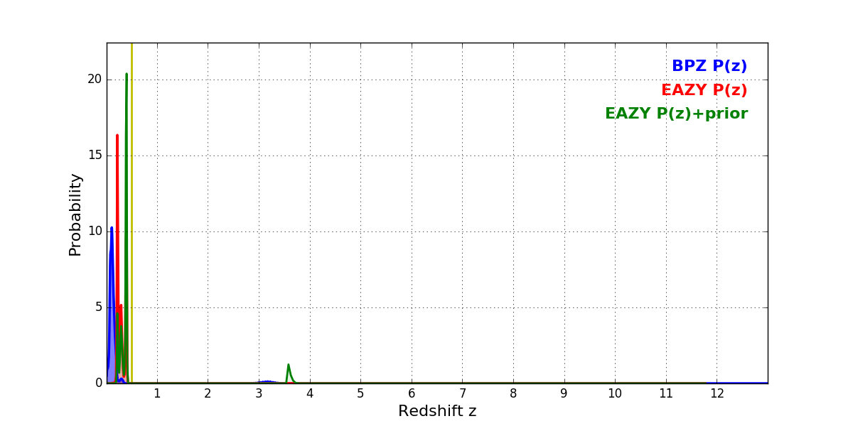 In P(z) plots: Yellow lines mark the cluster redshift z = 0.505,
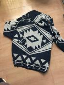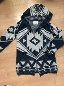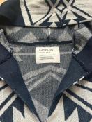ジオメトリックパターンのフード付きカーディガン、ネイビーとグレーの配色でスタイリッシュ。
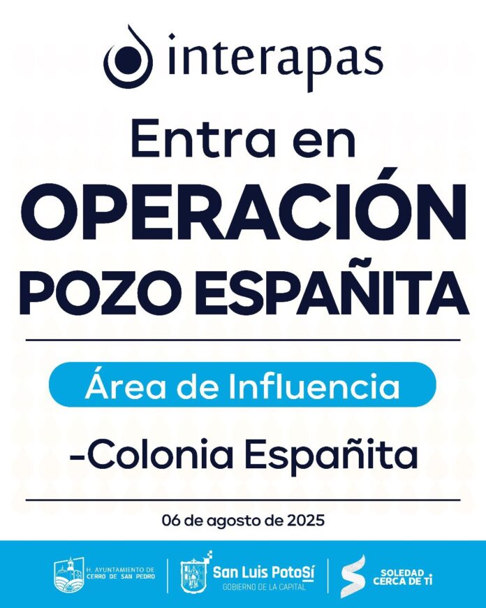 El organismo operador de agua potable, alcantarillado y saneamiento INTERAPAS informa que concluyeron los trabajos de instalación del nuevo motor y bomba en el pozo Españita, lo que permitirá restablecer gradualmente el suministro de agua en la colonia del mismo nombre.
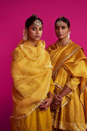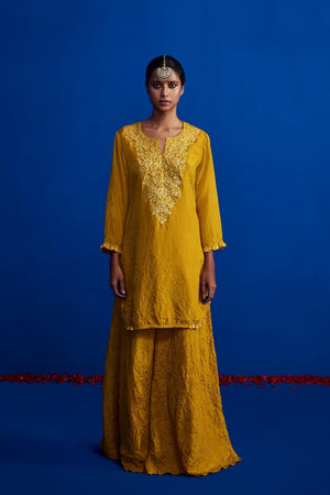 Mustard crushed silk kurta and sharara set with delicate mirror embroidery on the yoke
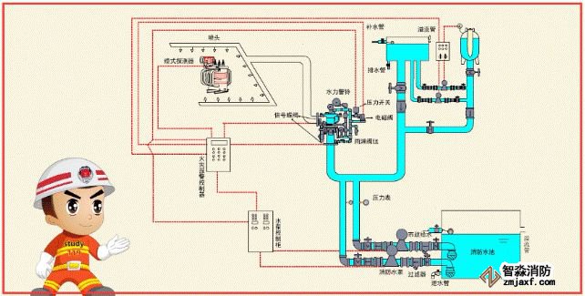 水幕系統由開式灑水噴頭或水幕噴頭、雨淋報警閥組或感溫雨淋閥、供水與配水管道、控制閥以及水流報警裝置(水流指示器或壓力開關)等組成。
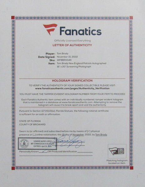 Tom Brady Autographed 16x20 Photo New England Patriots Framed. The outer frame size is 24 inches x 28 inches. This photo is authenticated by Fanatics Authentic and includes their Tamper-proof Hologram Sticker and Letter of Authenticity.

● ● ●

**WORK ORDER:** Restate the entries verbatim, without pictures.

**REPLY TO THE TASK:**
 In P(z) plots: Yellow lines mark the cluster redshift z = 0.505,
ジオメトリックパターンのフード付きカーディガン、ネイビーとグレーの配色でスタイリッシュ。
 El organismo operador de agua potable, alcantarillado y saneamiento INTERAPAS informa que concluyeron los trabajos de instalación del nuevo motor y bomba en el pozo Españita, lo que permitirá restablecer gradualmente el suministro de agua en la colonia del mismo nombre.
 Mustard crushed silk kurta and sharara set with delicate mirror embroidery on the yoke
 水幕系統由開式灑水噴頭或水幕噴頭、雨淋報警閥組或感溫雨淋閥、供水與配水管道、控制閥以及水流報警裝置(水流指示器或壓力開關)等組成。
 Tom Brady Autographed 16x20 Photo New England Patriots Framed. The outer frame size is 24 inches x 28 inches. This photo is authenticated by Fanatics Authentic and includes their Tamper-proof Hologram Sticker and Letter of Authenticity.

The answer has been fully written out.